**WHAT THE TASK REQUIRES:**
Omit any pictures, and restate word for word only the lines from the one with "打刻を行った店舗の店舗コードが表示されます。 - 勤務先" through the end of the data below.

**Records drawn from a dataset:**
......
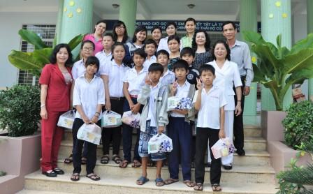 Thầy và trò Trường Nuôi dạy trẻ khuyết tật chụp ảnh lưu niệm với BGĐ Công ty Cổ phần May xuất khẩu Long An
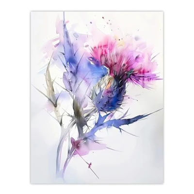 Artery8 Thistle Flower Violet Pink Green Soft Watercolour Living Room Large Wall Art Poster Print Thick Paper 18X24 Inch
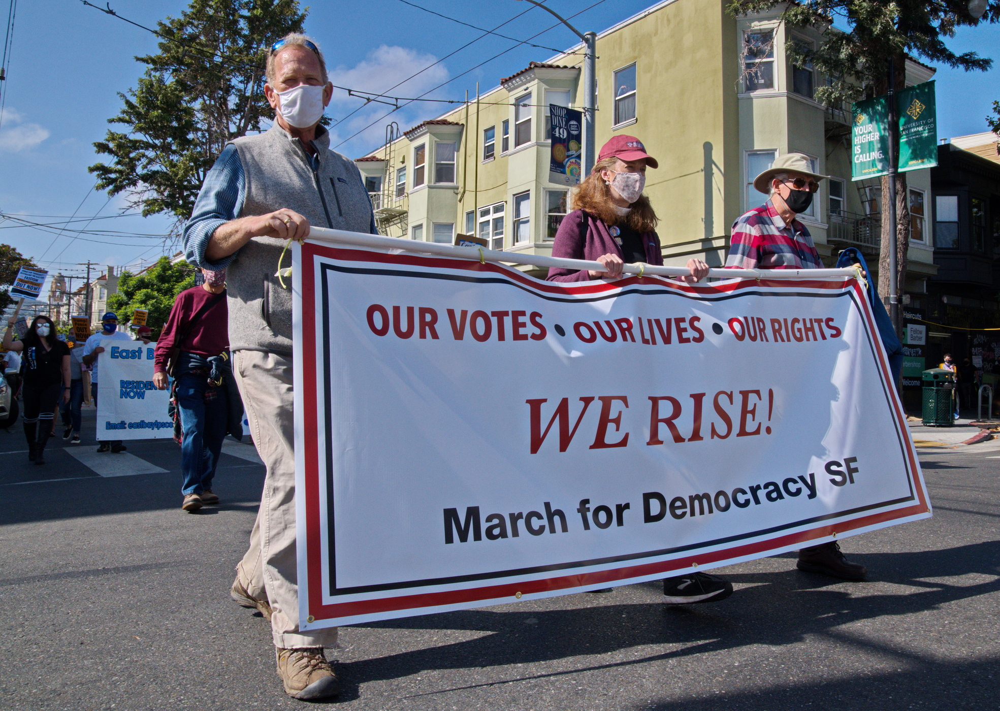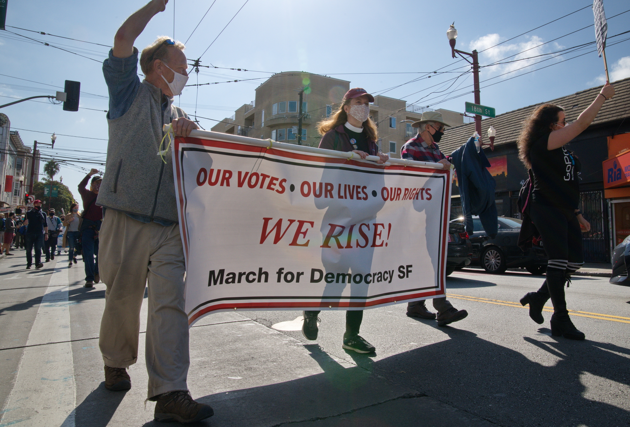 We are working with organizations across the country holding similar marches. We believe it is essential to show publicly that the majority of the American people will not accept any interference in this constitutional process and moral imperative. We will not tolerate efforts to thwart peaceful voting or maneuvers to ignore the people’s intended choice. Let us join together. In solidarity, we are powerful! Let us know if you and/or your organization can participate in our March for Democracy SF.
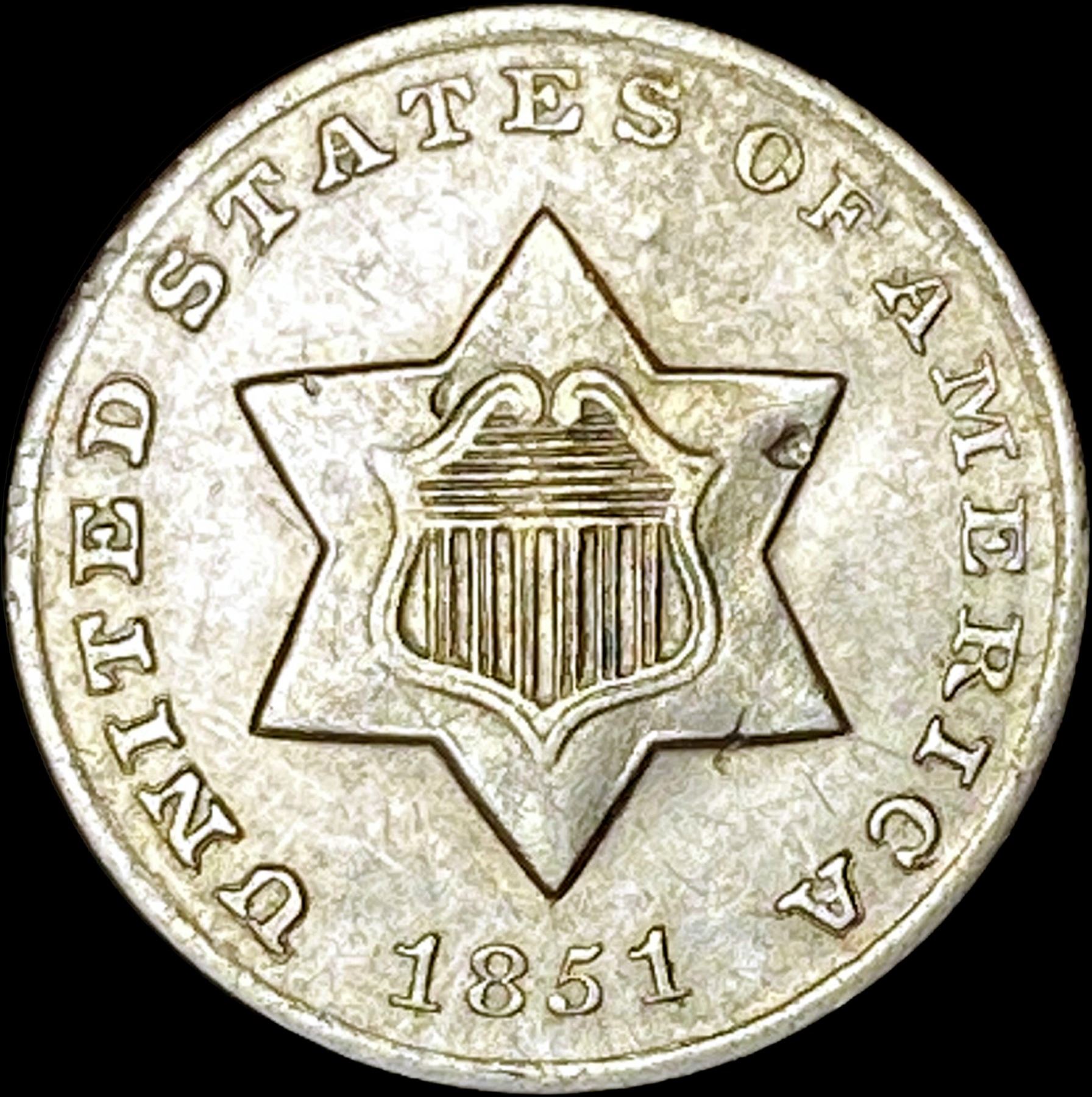 1851-O Silver Three-Cent Piece CLOSE UNC
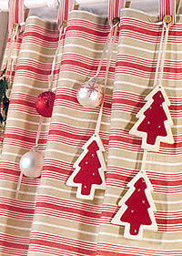 Télies hangulatot csalhatunk szobánkba, ha az ablaküvegre karácsonyi mintákat fújkálunk hóspray segítségével. Az ablakkeretet karácsonyfaizzókkal világítsuk ki, így esténként kellemes, meghitt hangulatban lesz részünk. A függönykarnisról se feledkezzünk meg, lógassunk rá fenyőágakat, karácsonyfa- vagy különböző papírból készült díszeket.
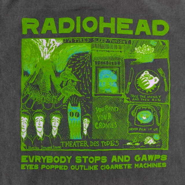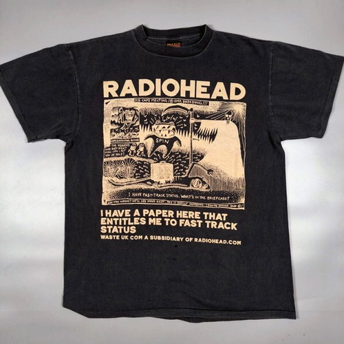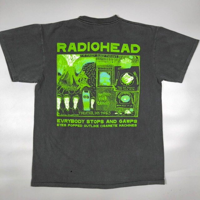 RADIOHEAD レディオヘッド Tシャツになります。 ※ビンテージ加工の新品未使用品になります。 【サイズ】 XL 肩幅: 51cm 袖丈: 20cm 身丈: 71cm 身幅: 54cm ※サイズ表記は目安です。 縫製製品は特性上、若干の誤差はお許しください。
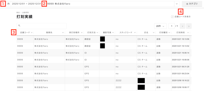 打刻を行った店舗の店舗コードが表示されます。 - 勤務先
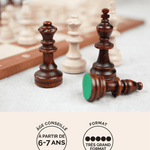 Le plateau est accompagné d’une boîte en bois dédiée pour ranger et protéger chaque pièce. Un ensemble durable, stable et parfaitement conçu pour traverser les années et les générations.
......
**WRITTEN ANSWER:**
 打刻を行った店舗の店舗コードが表示されます。 - 勤務先
 Le plateau est accompagné d’une boîte en bois dédiée pour ranger et protéger chaque pièce. Un ensemble durable, stable et parfaitement conçu pour traverser les années et les générations.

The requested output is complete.